A dose escalation trial of adjuvant cyclophosphamide and epirubicin in combination with 5-fluorouracil using G-CSF support for premenopausal women with breast cancer involving four or more positive nodes

BACKGROUND: Dose-dense and dose-intensive regimens have improved the outcome of breast cancer in high-risk women with operable disease.
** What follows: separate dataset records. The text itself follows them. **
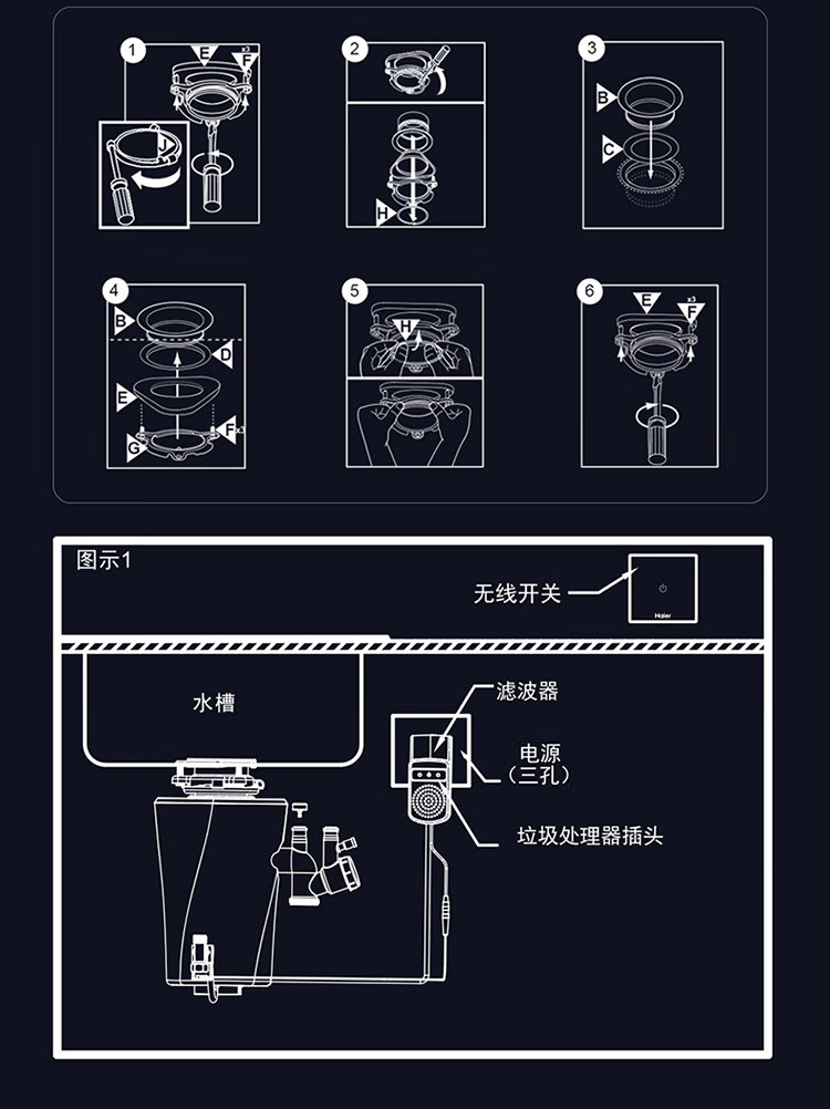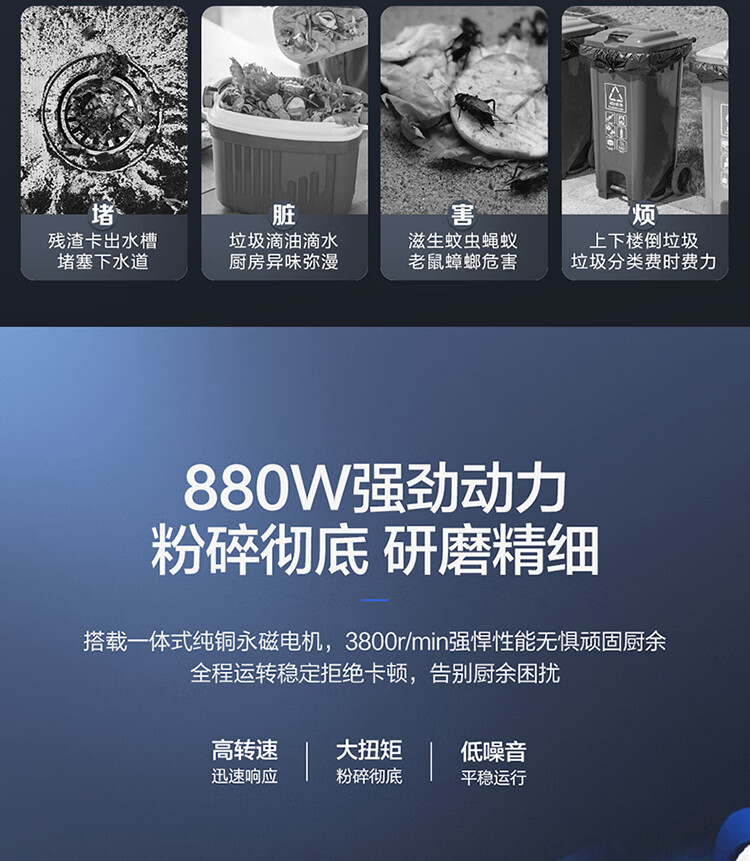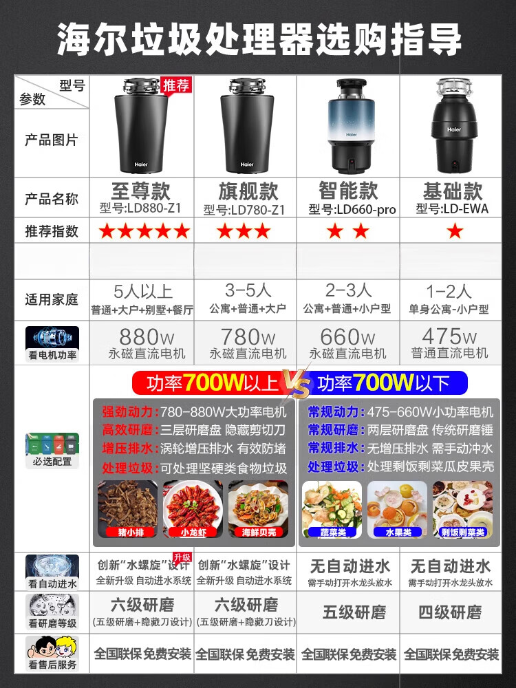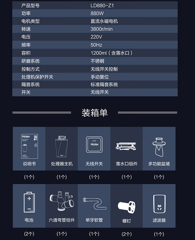 Haier kitchen waste disposer household kitchen food grinder automatic wet waste classification model LD880-Z1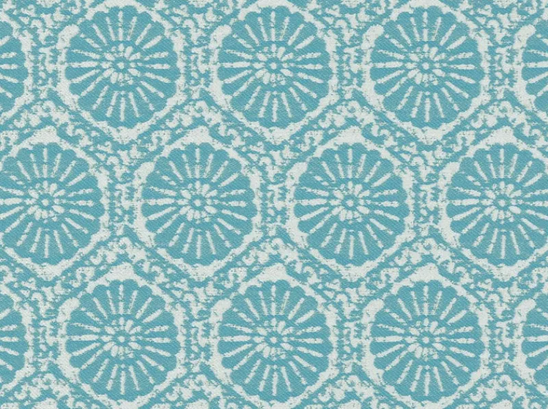 Fossil Spa is a pretty light turquoise blue geometric medallion patterned outdoor fabric from Covington.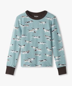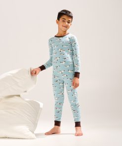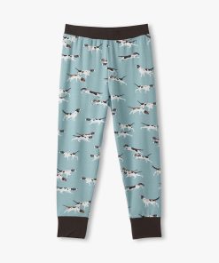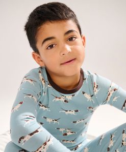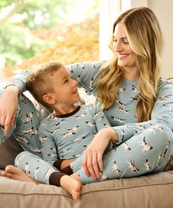 A dog’s best friend needs pajamas too! Our Boys Hunting Dogs Bamboo Pajama Set in Blue are made from buttery-soft stretch bamboo. This two-piece set features a muted teal backdrop with adorable light and dark brown hunting dogs. Long sleeves, full-length bottoms, a wide elastic waistband, and rich brown cuffs offer a snug yet flexible fit. And here’s the best part, this style comes in a matching women’s set, making it the perfect Mommy n’ Me duo for bonding in comfort and style.
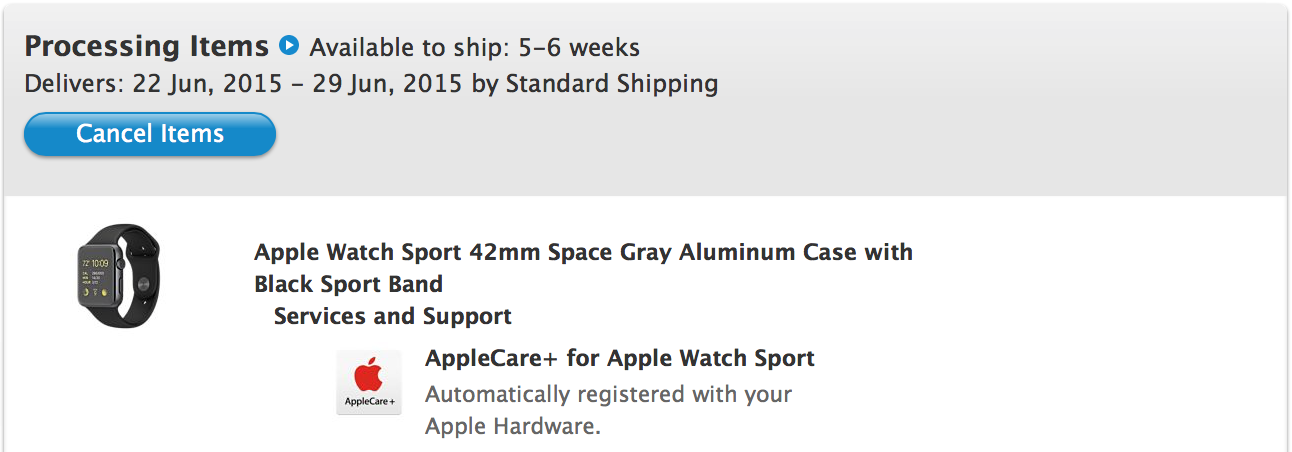 I just checked mine. Now (ordered 42mm SS WSB on 4/13/15) the shipping is like yours June 22-29. I ordered my sport on 4/10/15 and got it on the launch day. This SS, only 3 days apart, won't come till the end of June![]()

PATIENTS AND METHODS: Sixty-three premenopausal women with Stage 2, 3 breast cancer and > or =4 positive axillary nodes were treated in three successive cohorts with 70 mg/m(2) of epirubicin, 500 mg/m(2) of 5-fluorouracil and G-CSF every 14 days for 12 cycles. Cyclophosphamide (C) was given at 700 mg/m(2), 900 mg/m(2), and 1100 mg/m(2) doses. Patients were evaluated for dose-limiting toxicities (DLTs) in the first four cycles, the primary endpoint of the trial. RESULTS: No DLTs were seen at C 700 mg/m(2); at C 900 mg/m(2) two of 16 patients experienced febrile neutropenia and poor performance status; at C 1100 mg/m(2), 1 of 31 patients experienced poor performance status. Over 6 months, febrile neutropenia, grade 4 thrombocytopenia, grade 3 anemia and severe fatigue were observed. Clinical congestive heart failure occurred in three patients over 4 years. CONCLUSION: A dose-intense and dose-dense regimen of cyclophosphamide, epirubicin and 5-fluorouracil was delivered with G-CSF without apparent increase in acute toxicity. Cyclophosphamide could be increased to more than twice the standard dose at the cost of more anemia and fatigue.